Depletion of natural sources is one of the most critical problems the world community has to face, especially after the sharp increase in the world population during the last century. Each person has a number of vital (food, drink, clothing) and non-vital (education, employment, entertainment) needs, all of which require consumption of Earth's resources. When the number of people demanding these needs becomes extremely high, scarcity becomes a critical issue that in extreme cases can cause a "Malthusian catastrophe" (from English scholar Thomas Robert Malthus, who warned about the dangers of overpopulation).
As natural resources become scarcer, production is bound to shrink. However, in an overpopulated society, demand remains high. This causes prices of goods to rise, in a bid to balance demand and supply. However, a change in price cannot suddenly curb a large population's needs. Therefore, prices remain high and even keep rising as long as people consume the expensive products.

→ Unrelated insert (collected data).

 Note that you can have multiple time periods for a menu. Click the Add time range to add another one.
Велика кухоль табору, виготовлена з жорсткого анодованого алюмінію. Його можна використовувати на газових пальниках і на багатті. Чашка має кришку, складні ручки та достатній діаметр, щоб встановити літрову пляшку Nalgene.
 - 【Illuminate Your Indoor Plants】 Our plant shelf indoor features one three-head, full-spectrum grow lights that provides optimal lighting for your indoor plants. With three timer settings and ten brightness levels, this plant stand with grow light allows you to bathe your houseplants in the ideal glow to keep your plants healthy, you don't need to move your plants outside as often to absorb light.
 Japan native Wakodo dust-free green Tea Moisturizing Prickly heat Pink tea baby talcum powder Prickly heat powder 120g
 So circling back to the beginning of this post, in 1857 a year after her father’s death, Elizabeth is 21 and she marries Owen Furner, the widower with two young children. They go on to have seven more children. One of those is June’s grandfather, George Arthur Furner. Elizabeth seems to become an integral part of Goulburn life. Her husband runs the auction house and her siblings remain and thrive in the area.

An extreme scenario of critically depleted natural resources combined with an extremely high consumer base is scarcity. It this case, production becomes so low (for example oil wells become dry) it cannot even cover the needs of those consumers accepting extraordinary prices. When an economy reaches this point, the only way for a government to cover this problem is to avoid market mechanisms and regulate the provision of goods, through coupons for instance.

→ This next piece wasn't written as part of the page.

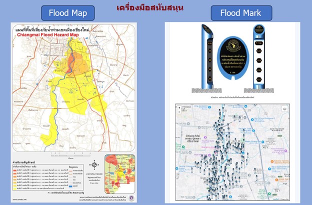 ขณะที่ รศ. ดร.สุทธิศักดิ์ ศรลัมพ์ อาจารย์ประจำคณะวิศวกรรมศาสตร์ มหาวิทยาลัยเกษตรศาสตร์ เปิดเผยว่า การปรับปรุงระบบเตือนภัยและบริหารจัดการน้ำต้องอาศัยการมีส่วนร่วมจากชุมชน โดยมีภาควิชาการเข้าไปช่วยเหลือ ชุมชนต้องแข็งแรงและมีความรู้ ไม่เน้นเทคนิคมากมายแต่เน้นการพัฒนาชุมชนให้มีระบบเตือนภัยฐานชุมชน ซักซ้อมเพื่อช่วยเหลือกันเอง รวมถึงสนับสนุนปราชญ์ชุมชนด้านภัยพิบัติ และพร้อมรับข้อมูลจากวิทยาการภายนอกเข้าเสริม เช่นเดียวกับ รศ. ชูโชค อายุพงศ์ หัวหน้าศูนย์วิชาการสนับสนุนด้านการบริหารจัดการน้ำ มหาวิทยาลัยเชียงใหม่ กล่าวถึง ระบบเตือนภัยน้ำท่วมสำหรับพื้นที่เสี่ยงสูงต้องเริ่มมาจากการพยากรณ์น้ำล่วงหน้าที่แม่นยำและมีเวลามากพอ มีเครื่องมือสนับสนุนให้ประชาชนตะหนักถึงความลึกของระดับน้ำท่วมที่จะเกิดขึ้นในบริเวณต่าง ๆ โดยเครื่องที่ทำได้ก่อนใช้งบประมาณและเวลาไม่มาก ได้แก่ แผนที่เสี่ยงภัยน้ำท่วมและหมุดหมายระดับน้ำท่วมครอบคลุมพื้นที่น้ำท่วม ซึ่ง อว. สามารถสนับสนุนองค์ความรู้ให้ภาคส่วนต่าง ๆ ได้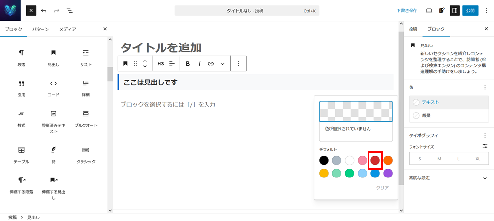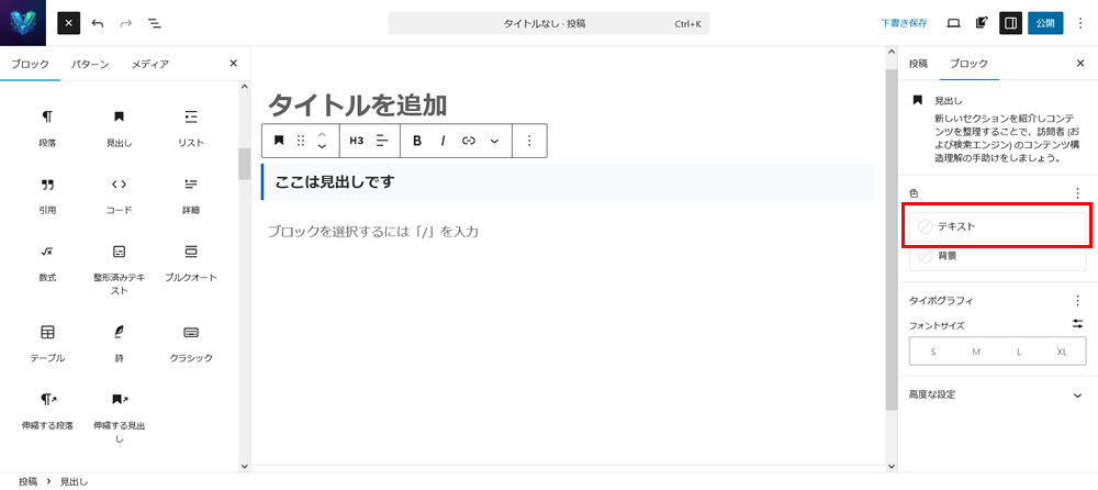 見出しブロックを選択し、サイドバーの「テキスト」をクリック。

In overpopulated societies, the number of people available -- and willing -- to work is high. However, if the local economy doesn't have the ability to expand and include the ever-growing work force, then the result can be widespread unemployment. An example of such a case is Zimbabwe of 2011. According to the CIA World Factbook, the African state is the world leader in both population growth rate, with an estimated annual population rise of 4.31 per cent (as of 2011), and unemployment rate, 95 per cent (as of 2009).
Rising Government Costs
The public sector provides for a large number of the population's needs, such as education, health care, national defence, safety (policing) and welfare (children, housing and unemployment benefits). Everyone has these needs, and a rising population can only lead to rising costs for the government. Therefore, the public sector either needs to slash some services -- or sacrifice their quality -- or even privatise them. This relieves the government but can raise the cost to "ordinary" citizens.